The expected output is an exact copy of the lines from the one containing "- Gleiche Muster" to the final line below, minus any pictures.

+++ Supplied records

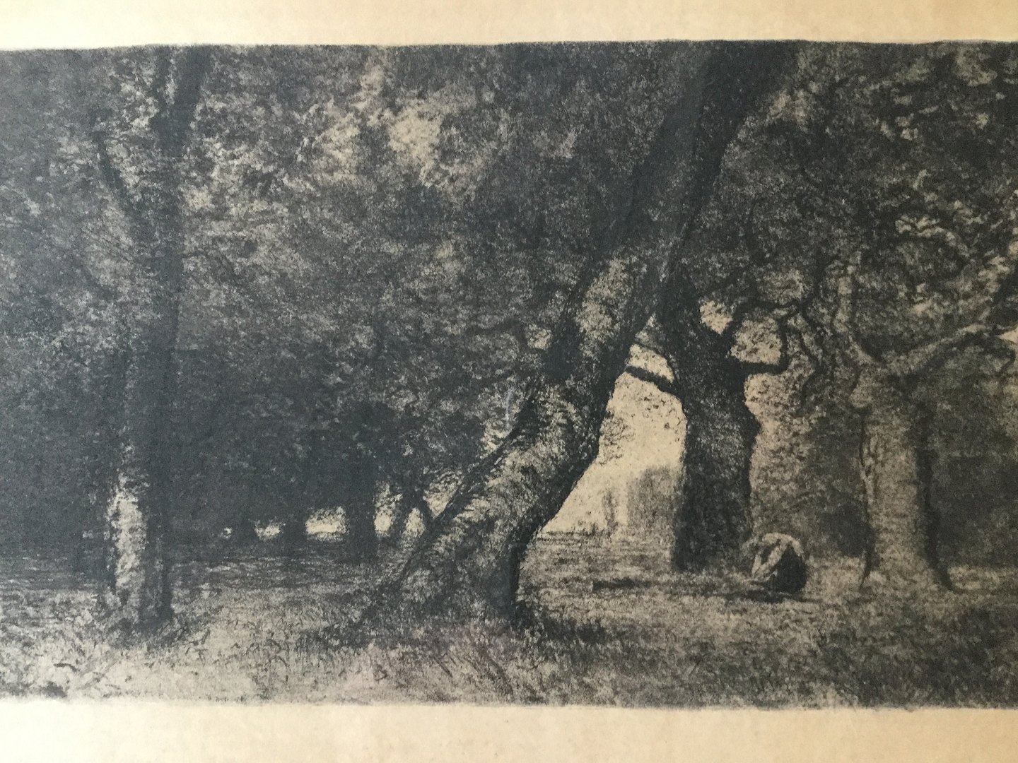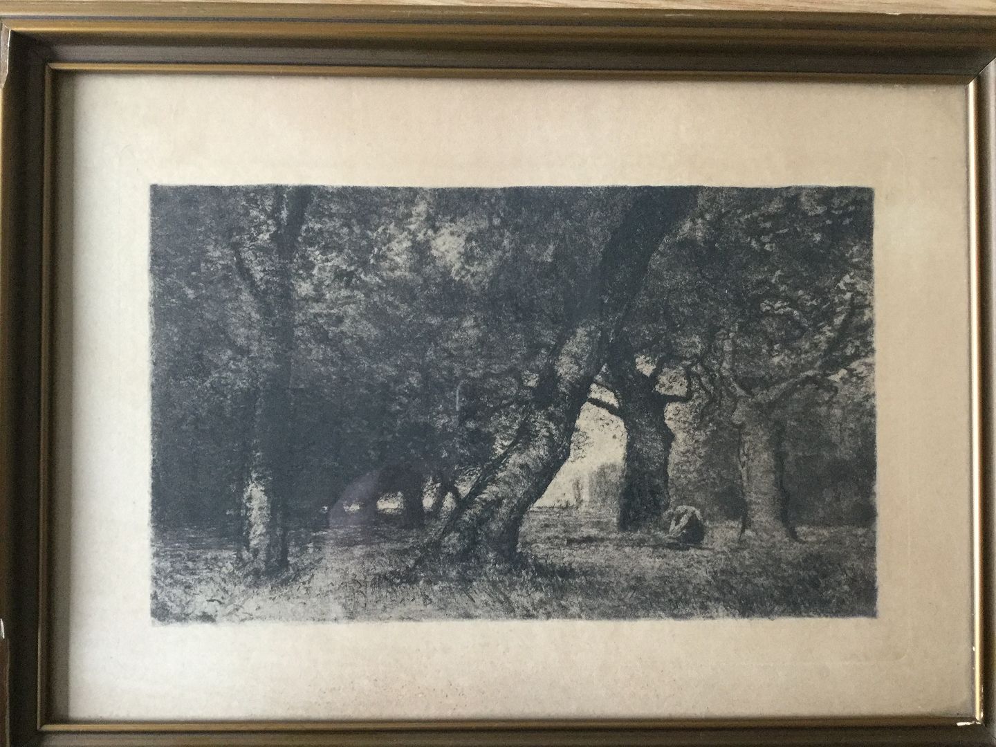 Radering af Otto Gampert - pige plukker blomster i skoven.
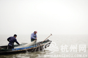 早上7点,钱塘江九堡大桥东水面,童天昌和他的浙杭渔01049已经开始作业,10多张3米高、60米长的银白色渔网一个接着一个撒下去,潮起撒网潮落收网,等待与希望,几十年来日日如此。
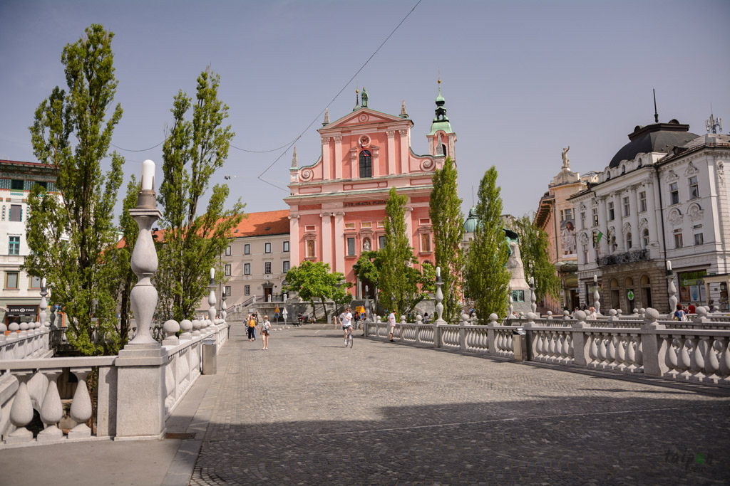 Potrójny Most z barokowym kościołem Zwiastowania.
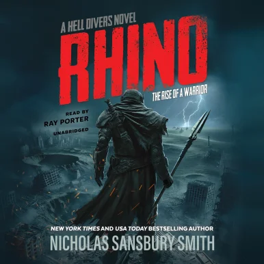 “Conan meets Mad Max for a new generation.”—Jonathan Maberry, New York Times bestselling authorIn the brutal wasteland centuries after the nuclear apocalypse, a warrior baptized in blood will defy the brutal empire that has enslaved his people.Over two centuries have passed since the Third World War reduced civilization to ashes in a global nuclear inferno. Unforgiving geomagnetic storms rage, blocking out the sun and poisoning the radioactive Earth. Humanity clings to survival above the tempestuous skies in giant airships, sustained by Hell Divers—brave souls who risk their lives plunging to the surface for essential parts and supplies.But this is not the story of the Hell Divers. This is the saga of the survivors on the ground, centered on Nick Baker, a frail orphan born in the perpetual darkness of an ITC bunker. He spent his early years toiling in a machine shop dreaming of what might be beyond the dark skies and poisoned wastes. That dream became a nightmare when Cazador raiders descended, massacring and enslaving his people.From the savage cradle of life underground to the campaign of war across the brutalized surface, witness Nick’s rise from boy slave to a towering, fearsome warrior hell-bent on freeing his people from bondage to the great Cazador empire.Embark on this riveting postapocalyptic adventure and discover the legend of a man his enemies will come to fear as Rhino …
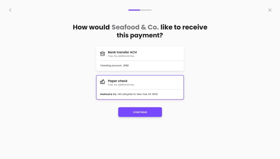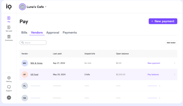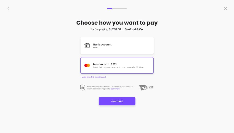 Flexible Payment Options: Pay via ACH (free), credit/debit card (2.9% fee), or check; vendors don’t need a Melio account.
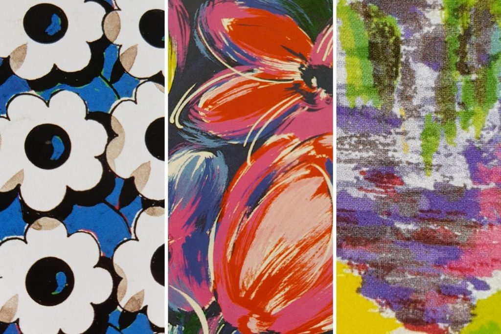- Gleiche Muster in unterschiedlicher Größe (große mit kleine Blumen) oder unterschiedlichen Materialien (fester Stoff mit Seide)
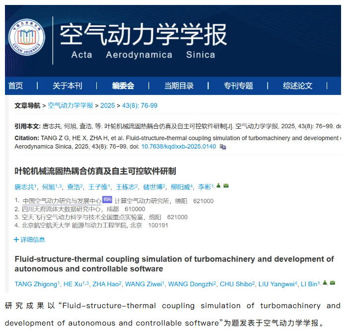 叶轮机械作为动力能源领域的关键设备部件,其性能和效率直接关系到动力系统的服役表现。随着高性能计算机系统硬件水平的高速发展,以及流体、强度和传热领域数值仿真能力的不断提升,流固热耦合仿真技术对于叶轮机械的设计优化、性能预测以及故障预防起着越来越关键的作用。北京航空航天大学、中国空气动力研究与发展中心、四川天府流体大数据研究中心、空天飞行空气动力科学与技术全国重点实验室对叶轮机械流体、强度以及流固和流热仿真领域的主要数值方法和挑战问题进行了分析,以国产自主涡轮动力叶轮机械流固热耦合仿真软件(AeroEngine Numerical Simulation, AENS)为载体,介绍了同构/异构流固热耦合仿真软件架构,以及高效的耦合算法和鲁棒的网格技术。通过典型叶轮机械AENS流固/流热耦合仿真结果与试验数据的对比分析,表明AENS具备在高温、高压、高转速条件下的流固热耦合模拟能力,其应用前景广阔,为叶轮机械正向多学科耦合设计提供了重要支撑。

++++++

Task response:
- Gleiche Muster in unterschiedlicher Größe (große mit kleine Blumen) oder unterschiedlichen Materialien (fester Stoff mit Seide)
 叶轮机械作为动力能源领域的关键设备部件,其性能和效率直接关系到动力系统的服役表现。随着高性能计算机系统硬件水平的高速发展,以及流体、强度和传热领域数值仿真能力的不断提升,流固热耦合仿真技术对于叶轮机械的设计优化、性能预测以及故障预防起着越来越关键的作用。北京航空航天大学、中国空气动力研究与发展中心、四川天府流体大数据研究中心、空天飞行空气动力科学与技术全国重点实验室对叶轮机械流体、强度以及流固和流热仿真领域的主要数值方法和挑战问题进行了分析,以国产自主涡轮动力叶轮机械流固热耦合仿真软件(AeroEngine Numerical Simulation, AENS)为载体,介绍了同构/异构流固热耦合仿真软件架构,以及高效的耦合算法和鲁棒的网格技术。通过典型叶轮机械AENS流固/流热耦合仿真结果与试验数据的对比分析,表明AENS具备在高温、高压、高转速条件下的流固热耦合模拟能力,其应用前景广阔,为叶轮机械正向多学科耦合设计提供了重要支撑。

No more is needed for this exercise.